ピペットを使用して、TLCプレートの底面から1.5センチメートル上に位置する各レーンの原点に5マイクロリットルのサンプルをスポットし、サンプルの20〜40マイクロリットルまで繰り返し負荷が各レーンにロードされています。標準とサンプルがロードされたら、現像室にプレートを置き、溶剤がプレートの上部に到達するまで待ちます。プレートが完全に開発されたら、チャンバーから取り出し、フュームフードで20分間乾燥させます。
プレートを乾燥させた後、プラスチックフィルムで覆い、自動ラジオグラフィースクリーン付きの現像カセットに入れます。現像カセットからスクリーンを取り出し、それを蛍光体イメージャーの中に置きます。TLCプレートにp-アニアルデヒド試薬をスプレーし、シリカが飽和するまで145度のオーブンで5分間、またはバンドが現れるまで焼きます。
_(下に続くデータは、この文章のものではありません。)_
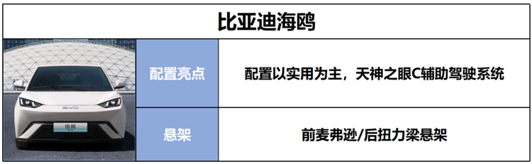 比亚迪海鸥的配置就是以实用为主,配有智配有天神之眼C辅助驾驶系统,全场景智能泊车功能,智能体验确实不错。不过它采用的是前麦弗逊后扭力梁悬架,过一些颠簸路段的时候你就会感觉减震效果没那么好,驾驶体验和乘坐舒适性就一般般了。

脂質種を定量するには、個々の脂質種を含むシリカゲルを削り取り、それらをガラスシンチレーションバイアルに移します。シリカバンドが小片に減るまで、6ミリリットルのシンチレーション液と渦を激しく加えます。シンチレーションバイアルを備えたラックをシンチレーションカウンターに置き、カウント時間をバイアルあたり2分に調整してカウントします。
蛍光体イメージングは、ラベルフリー脂肪酸、トリアシルグリセロール、ジアシルグリセロール、コレステロール、スクワランのオートラジオグラムの可視化を可能にします。この方法では精製脂質種を分離し、続いてP-アニアルデヒド試薬をTLCプレートにスプレーして可視化できることが実証された。可視化された種は、滅菌エステルに加えて、これまでに述べたすべての脂質を含む。
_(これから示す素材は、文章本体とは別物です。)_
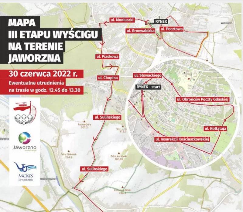 W związku z tym wystąpią utrudnienia w ruchu, z czym muszą się liczyć mieszkańcy Jaworzna. Już od samego rana niedostępne dla kierowców będą ulice Pocztowa, Zielona oraz Narutowicza w godzinach między 6:00 a 14:00. Peleton przejedzie także ulicami: Grunwaldzką, Insurekcji Kościuszkowskiej, Kołłątaja, Obrońców Poczty Gdańskiej, Słowackiego, Pocztową, Kolejową, Leśną, Moniuszki, Piaskową, Młynarską, Chopina, Sulińskiego, Wygoda oraz Dąb. Służby mundurowe będą zabezpieczać trasę wyścigu.

パルスに続くラジオラベルフリーメディアに10分間の追跡期間を適用することにより、スクワランの主要プールで観察され、総コレステロールが上昇した。同様に、チェイス期間におけるジアシルグリセロールの出現は、遊離脂肪酸シグナルの減少と相関していた。完全なプロトコルを実行する前に、細胞が目的の成長条件および遺伝的背景において酢酸放射性標識を取り込むかどうかを決定することが重要である。